╭─ Data excerpt
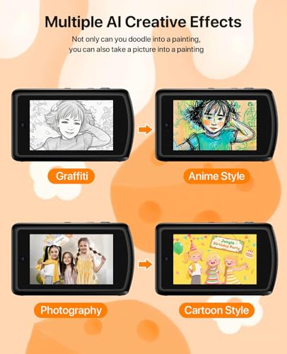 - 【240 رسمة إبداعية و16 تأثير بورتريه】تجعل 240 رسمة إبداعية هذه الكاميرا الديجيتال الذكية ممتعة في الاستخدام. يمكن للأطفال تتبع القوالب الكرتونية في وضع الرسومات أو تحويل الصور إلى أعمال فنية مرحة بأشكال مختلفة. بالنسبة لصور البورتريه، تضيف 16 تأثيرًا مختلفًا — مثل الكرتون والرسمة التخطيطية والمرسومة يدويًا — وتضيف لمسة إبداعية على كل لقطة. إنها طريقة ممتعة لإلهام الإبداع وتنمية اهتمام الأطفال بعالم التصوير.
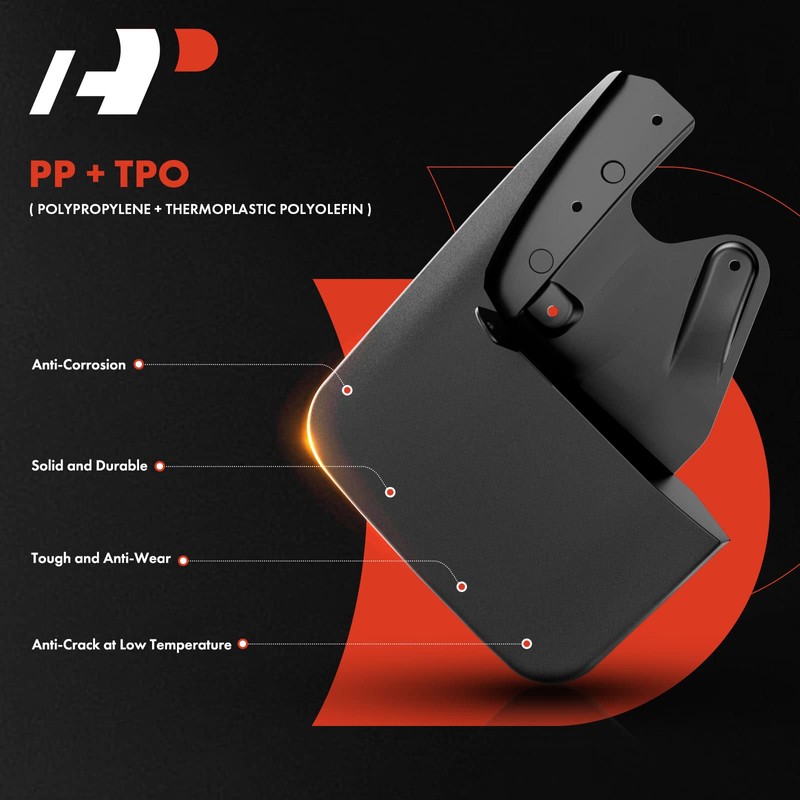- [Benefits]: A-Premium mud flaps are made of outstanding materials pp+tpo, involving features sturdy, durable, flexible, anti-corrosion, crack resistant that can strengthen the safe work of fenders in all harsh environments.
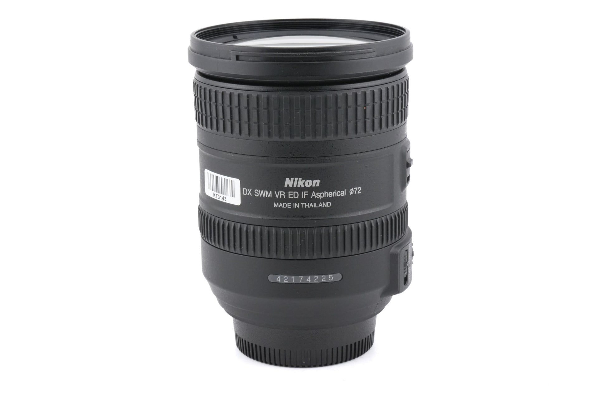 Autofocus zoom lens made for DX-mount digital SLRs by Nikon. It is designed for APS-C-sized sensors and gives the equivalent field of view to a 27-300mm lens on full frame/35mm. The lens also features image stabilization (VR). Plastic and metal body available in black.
╰─
**Task to complete:** What this calls for is the material above set down exactly, pictures excluded.

**Response for this exercise:**
 - 【240 رسمة إبداعية و16 تأثير بورتريه】تجعل 240 رسمة إبداعية هذه الكاميرا الديجيتال الذكية ممتعة في الاستخدام. يمكن للأطفال تتبع القوالب الكرتونية في وضع الرسومات أو تحويل الصور إلى أعمال فنية مرحة بأشكال مختلفة. بالنسبة لصور البورتريه، تضيف 16 تأثيرًا مختلفًا — مثل الكرتون والرسمة التخطيطية والمرسومة يدويًا — وتضيف لمسة إبداعية على كل لقطة. إنها طريقة ممتعة لإلهام الإبداع وتنمية اهتمام الأطفال بعالم التصوير.
- [Benefits]: A-Premium mud flaps are made of outstanding materials pp+tpo, involving features sturdy, durable, flexible, anti-corrosion, crack resistant that can strengthen the safe work of fenders in all harsh environments.
 Autofocus zoom lens made for DX-mount digital SLRs by Nikon. It is designed for APS-C-sized sensors and gives the equivalent field of view to a 27-300mm lens on full frame/35mm. The lens also features image stabilization (VR). Plastic and metal body available in black.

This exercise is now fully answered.